Figure 5. Decreased intestinal TG accumulation and absence of fat malabsorption in Ces1/Es-x^−/− mice.

(A) Uptake of dietary fat along the length of the small intestine. Mice were fasted for 4 h and gavaged with radiolabeled triolein diluted in olive oil. Two hours later, the small intestine was excised, flushed, cut, digested and radioactivity associated with the intestinal segments was determined. N = 3 mice/group. (B) Fat in stools. Sudan III staining of stool fat upon spontaneous defecation in fed mice. (C) Analysis of fat in stools by organic extraction after spontaneous defecation. N = 5–7 mice/group. (D) Fecal lipids analyzed by TLC. N = 5–7 mice/group.

Figure 6. Decreased expression of lipid absorption and increased expression of lipid secretion markers in Ces1/Es-x^−/− mice.
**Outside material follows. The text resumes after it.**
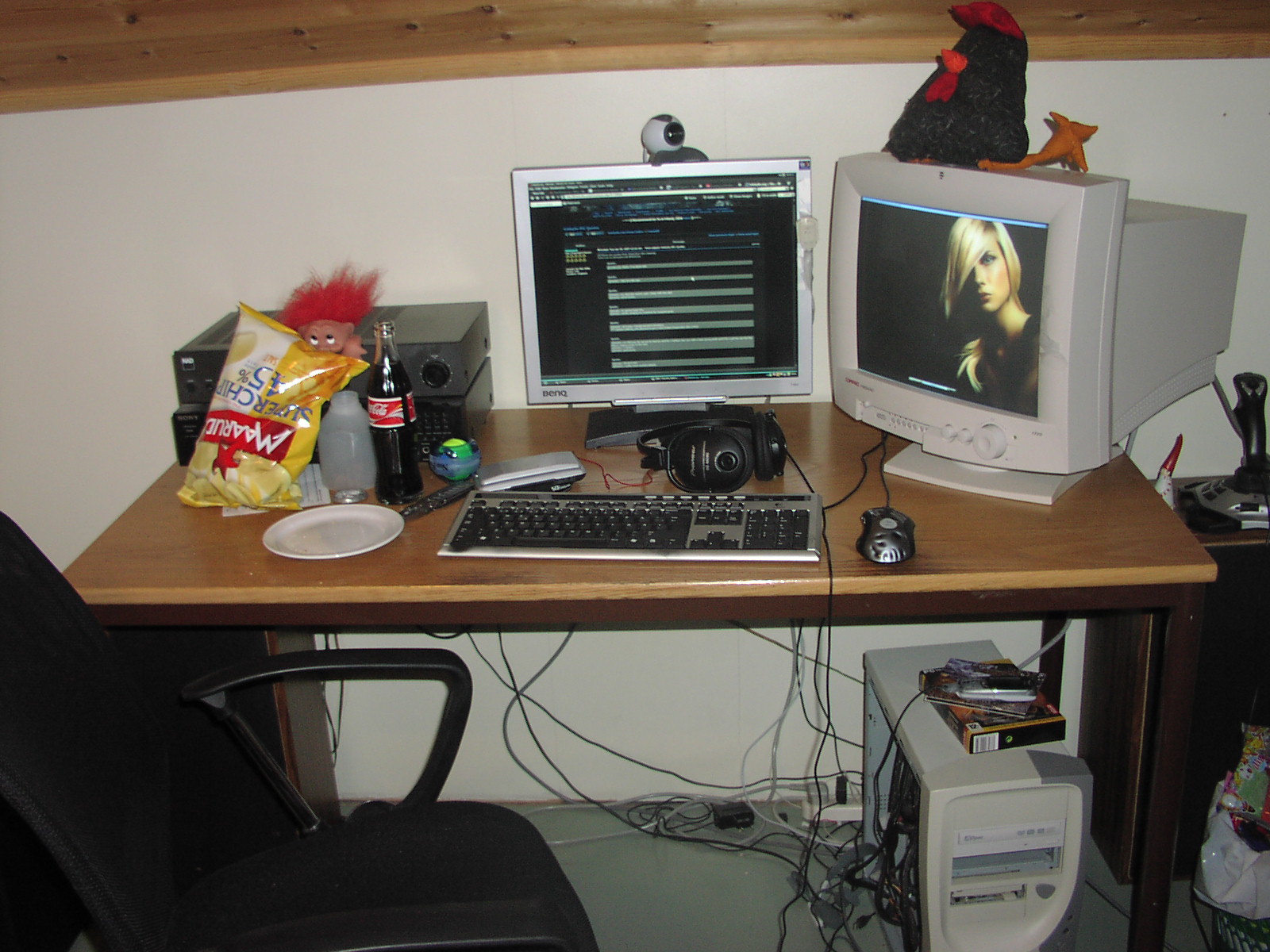 SemikolonP Skrevet 1. februar 2007 Skrevet 1. februar 2007 Her er skrivebordet mitt, litt rotete: 7837650[/snapback] Du har samme laptop som jeg har. Men kan jeg se om du har noen teipbiter på venstre side av den? Har masse på min. Bilder av min bule kommer en dag...

(A) Intestinal expression of lipid absorption, synthesis and secretion genes in intestines from 24-week old mice was analyzed by qPCR. Mice were fasted for 4 h. N = 5 mice/group. *p<0.05 vs. wild-types. (B) Immunoblot of intestinal ApoB48. (D) Immunoblot of intestinal MTP. Same animals as in (A) were used. Cnx, calnexin  =  loading control. (D) and (E) quantitation of the immunoreactive ApoB48 and MTP bands, respectively. **p<0.01 vs. wild-type.